Capgemini's Carbon Credit Gambit: A Bold Move Toward Net Zero, But How Will It Pay Off?

Henry RiversWednesday, May 7, 2025 11:17 am ET
3min read

Capgemini, the French IT services giant, has thrown its hat into the climate action ring with an ambitious new ESG policy that commits to achieving net-zero emissions by 2040. Central to this strategy is a pledge to invest in “high-quality carbon credits” to offset residual emissions—a move that underscores the company’s shift from compliance to leadership in sustainability. But with no specific dollar figures attached to these carbon investments, the question remains: Will this strategy pay dividends for investors, or is it a calculated gamble?

Breaking Down the Commitments

Capgemini’s net-zero roadmap is built on three pillars: aggressive emission reductions, a push for renewable energy, and strategic use of carbon credits. By 2030, the company aims to slash absolute Scope 1 and 2 emissions (direct emissions from operations) by 80% compared to 2015 levels—a target it has already blown past, achieving a 93% reduction by the end of 2024. Scope 3 emissions (indirect emissions from supply chains and business travel) are targeted for a 50% cut by 2030, with a 62% per-employee reduction in travel-related emissions already logged by 2024.

The crown jewel of their strategy is the shift to 100% renewable electricity, a goal reached two years early—98% of their energy already comes from renewables. This progress, validated by the Science-Based Targets initiative (SBTi), positions Capgemini as a climate action overachiever in its sector.

The Carbon Credit Question

Where things get murkier is the role of carbon credits. While the policy emphasizes that emission reductions remain the priority, it’s clear that offsets will play a role in achieving net zero. The company has committed to investing in “high-quality” credits, which it defines as those aligned with global standards like the SBTi Corporate Net-Zero Protocol. This protocol requires credits to meet criteria such as additionality (projects that wouldn’t exist without funding) and permanence (ensuring carbon stays sequestered long-term).

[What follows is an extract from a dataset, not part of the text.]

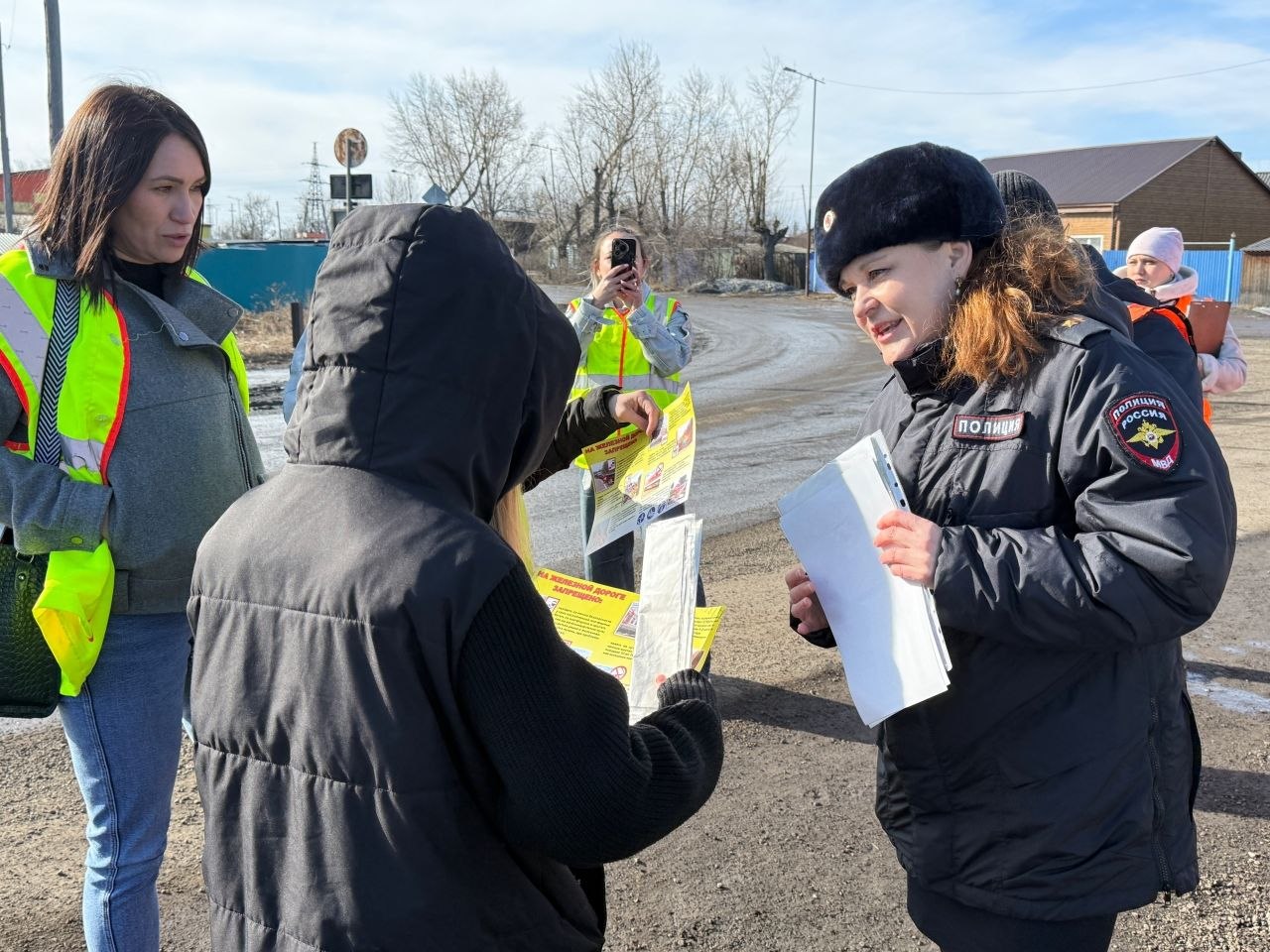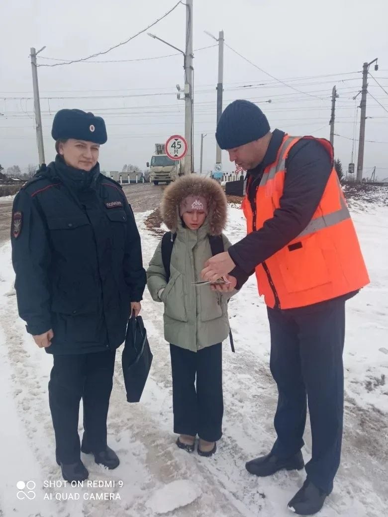 Инспектор по делам несовершеннолетних Тайшетского ЛО МВД России на транспорте Евгения Дмитриева совместно с главным инженером ПЧ-1 Алексеем Король, и ио специалиста по охране труда Жанной Рублёвой провели профилактический рейд на железнодорожном переезде ст. Юрты. Гражданам также выдали памятки-книжки с правилами безопасности на жд, маленькие пассажиры получили в подарок раскраски и кроссворды по тематике.

But here’s the rub: The policy doesn’t specify how much Capgemini will spend on carbon credits or which projects it will fund. Investors are left wondering whether the company’s approach aligns with the Integrity Council for the Voluntary Carbon Market (ICVCM) standards, which are widely seen as the gold standard. Without transparency on sourcing or financial commitments, skepticism looms.

Risks and Challenges

While Capgemini’s early wins on emissions and renewables are impressive, relying on carbon credits introduces several risks. First, the market for high-quality credits is still nascent and prone to greenwashing. Without clear metrics, investors can’t verify whether these credits deliver real-world impact. Second, the cost of credible credits—particularly those tied to nature-based solutions or carbon capture—could eat into profit margins.

Meanwhile, the company’s ESG strategy is under scrutiny. While its renewable energy and remote work initiatives (e.g., reducing business travel emissions by 50% per employee by 2030) are laudable, critics argue that offsetting residual emissions risks becoming a crutch for harder-to-abate areas like supply chain logistics.

Market Reaction and Investor Considerations

Investors have taken note. Capgemini’s stock has outperformed peers in the IT services sector over the past year, rising 18% while the S&P Global 1200 ESG Index (SPGSESG) gained 12%. This suggests that markets are rewarding the company’s climate progress. However, without clarity on carbon credit costs or the quality of projects, this could reverse.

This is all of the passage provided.